3.8 KiB
3.8 KiB
Database Optimization for 50k+ Users
1. Database Schema Improvements
Add Indexes
-- Primary performance indexes
CREATE INDEX idx_users_username ON users(username);
CREATE INDEX idx_users_display_name ON users(display_name);
CREATE INDEX idx_users_updated_at ON users(updated_at);
CREATE INDEX idx_user_servers_server_id ON user_servers(server_id);
-- Composite indexes for common queries
CREATE INDEX idx_users_username_display ON users(username, display_name);
Query Optimization
-- Instead of GROUP_CONCAT, use separate queries
SELECT * FROM users WHERE user_id = ?;
SELECT server_id FROM user_servers WHERE user_id = ?;
2. Connection Pool Implementation
Replace single connection with proper pooling:
import aiomysql
async def create_pool():
return await aiomysql.create_pool(
host='localhost',
port=3306,
user='user',
password='password',
db='database',
minsize=5,
maxsize=20,
charset='utf8mb4'
)
3. Pagination Implementation
Database Layer
async def get_users_paginated(self, offset: int = 0, limit: int = 100) -> List[UserData]:
async with self.pool.acquire() as conn:
async with conn.cursor() as cursor:
await cursor.execute("""
SELECT * FROM users
ORDER BY user_id
LIMIT %s OFFSET %s
""", (limit, offset))
CLI Layer
async def search_user_paginated(query: str, page: int = 1, per_page: int = 50):
offset = (page - 1) * per_page
users = await database.search_users(query, offset, per_page)

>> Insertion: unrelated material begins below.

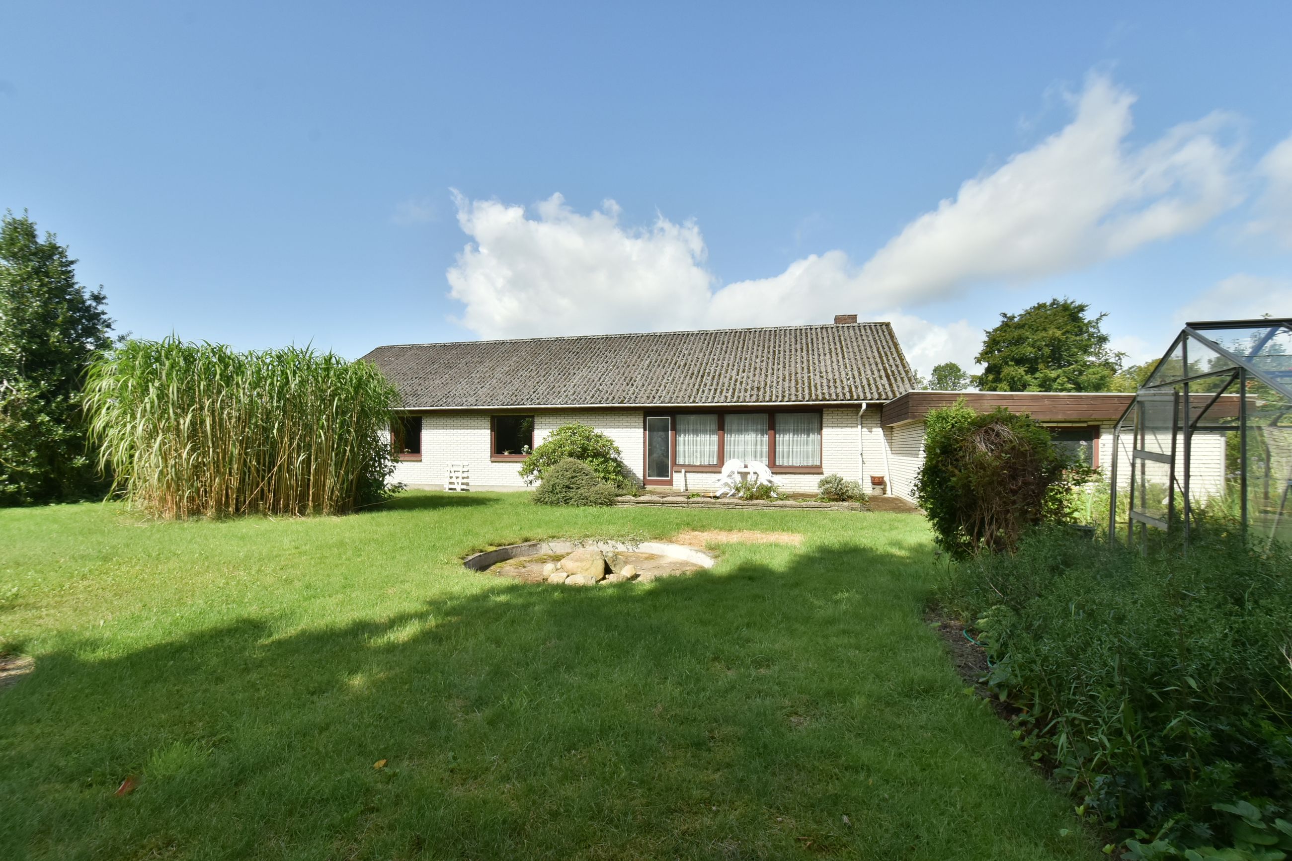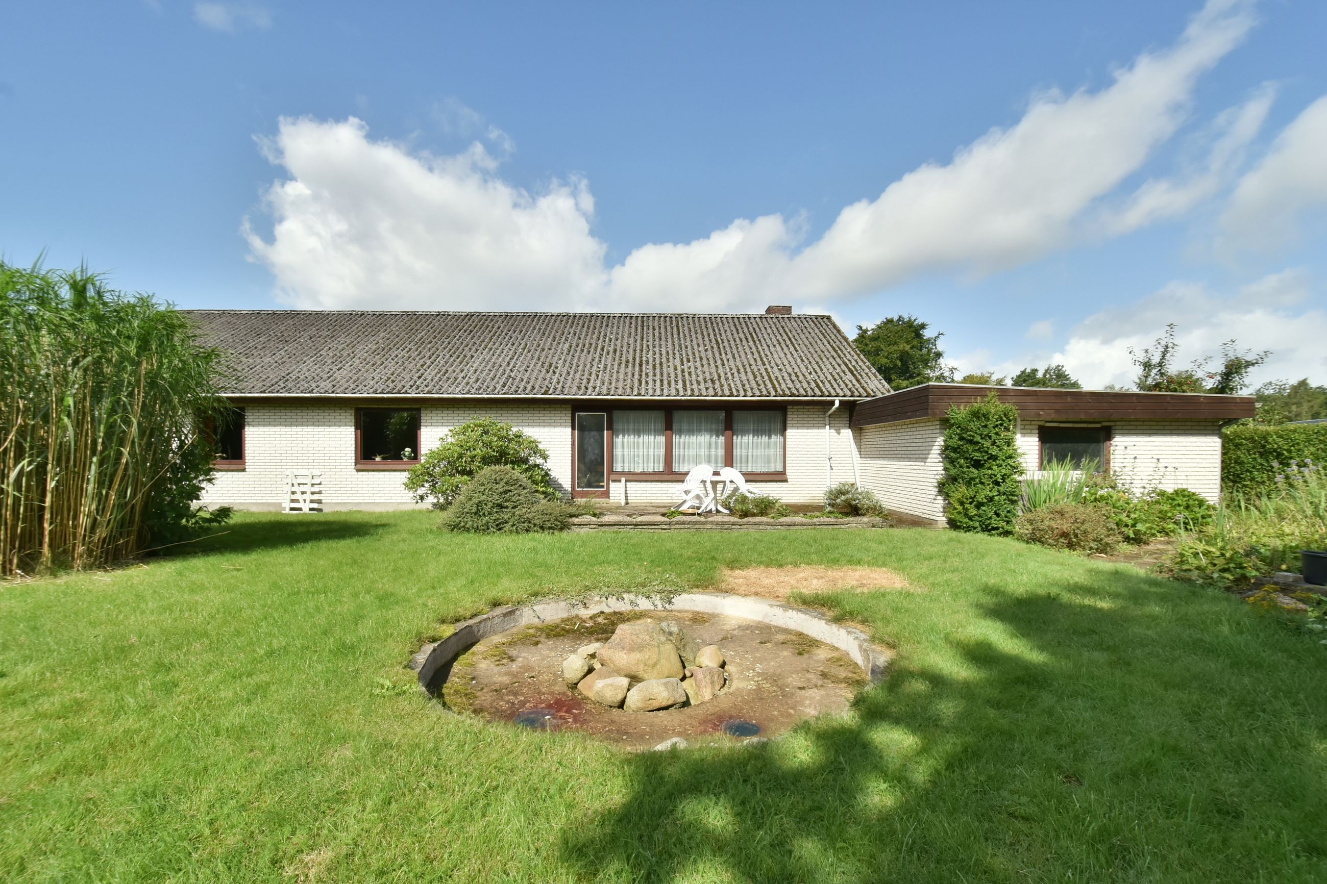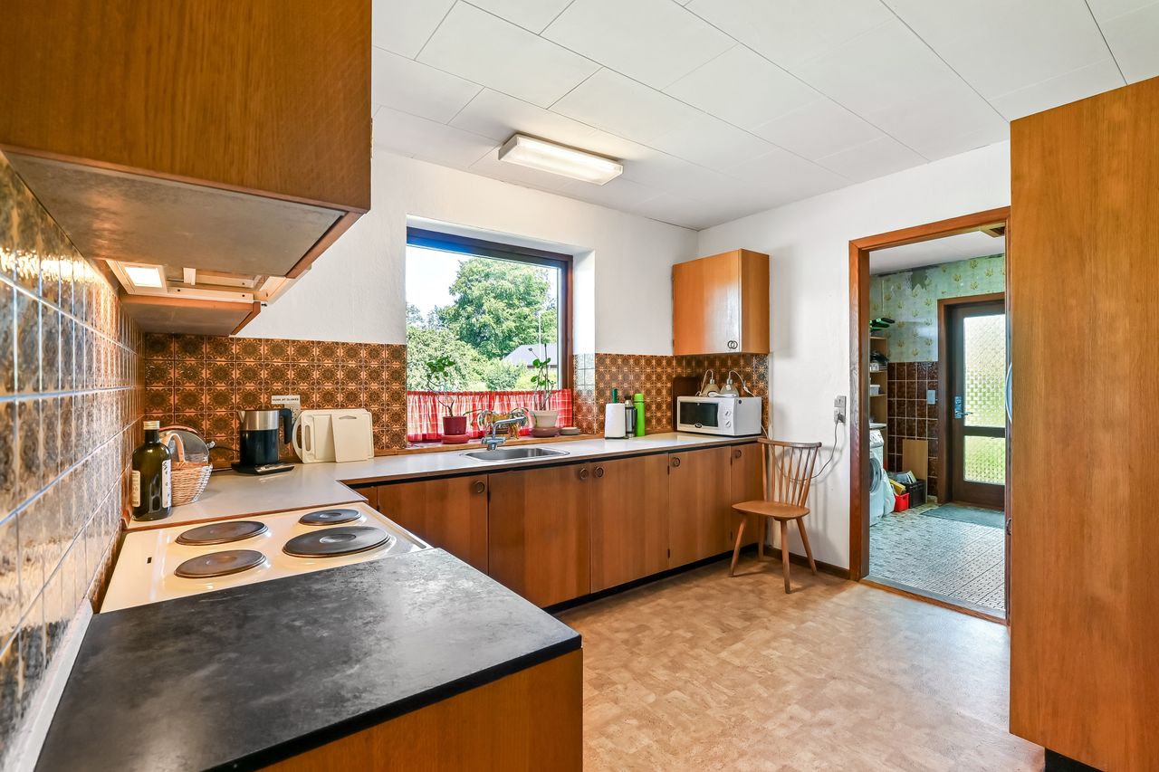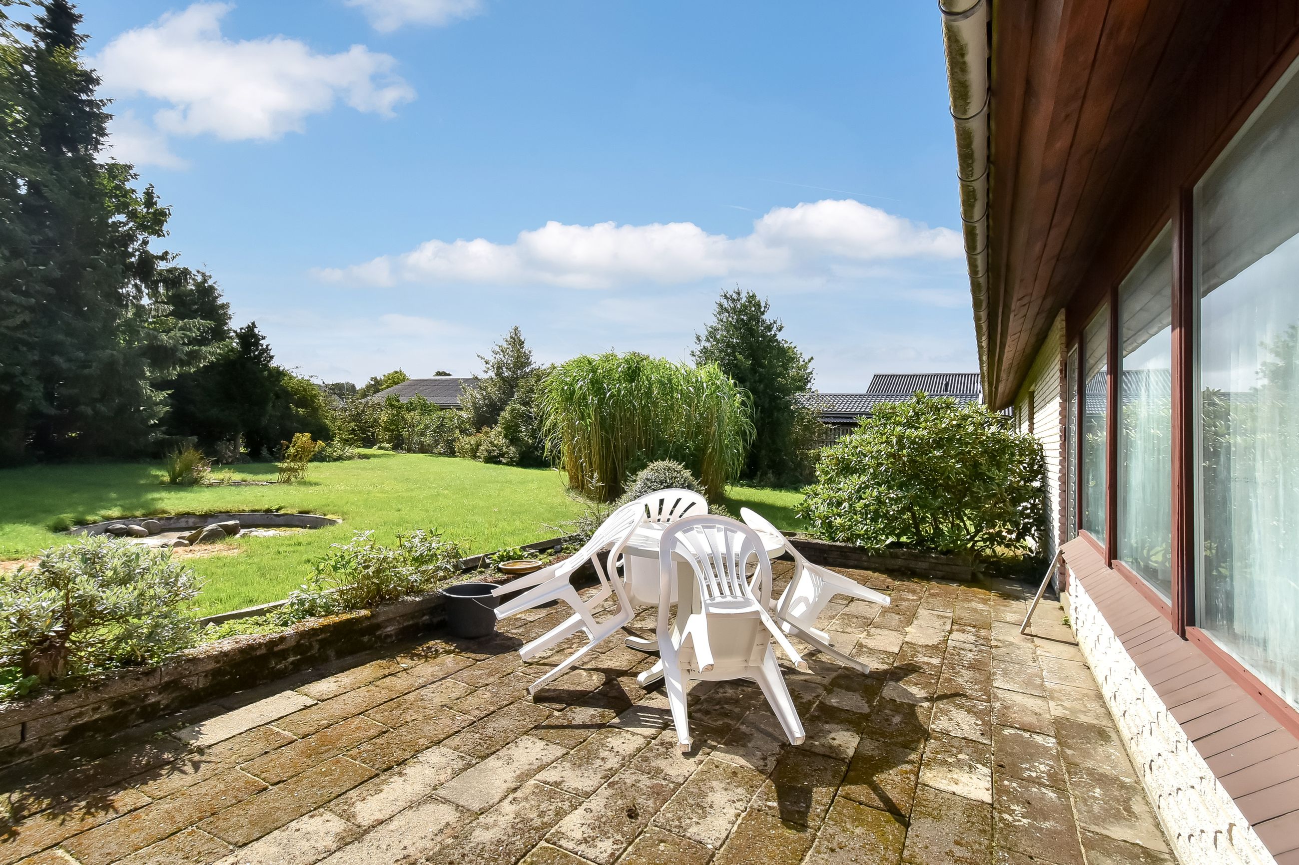 Udendørs finder du en charmerende lille forhave med buske samt en imponerende stor garage på 50m2, der er perfekt til bilentusiasten, ekstra opbevaringsplads, eller lille værkstedsplads. Haven bag huset er privat og rummelig med få bede, hvilket gør den nem at vedligeholde samtidig med at den tilbyder masser af plads til leg eller afslapning.

# Display with pagination controls
4. Search Optimization
Full-Text Search
-- Add full-text index for better search
ALTER TABLE users ADD FULLTEXT(username, display_name, bio);
-- Use full-text search instead of LIKE
SELECT * FROM users
WHERE MATCH(username, display_name) AGAINST(? IN BOOLEAN MODE);
Cached Search Results
# Cache frequent searches
from functools import lru_cache
import asyncio
@lru_cache(maxsize=1000)
async def cached_user_search(query: str):
return await database.search_users(query)
5. Batch Operations
Bulk Inserts
async def save_users_batch(self, users: List[UserData]):
async with self.pool.acquire() as conn:
async with conn.cursor() as cursor:
# Use executemany for bulk operations
await cursor.executemany("""
INSERT INTO users (...) VALUES (...)
ON DUPLICATE KEY UPDATE ...
""", [(user.user_id, user.username, ...) for user in users])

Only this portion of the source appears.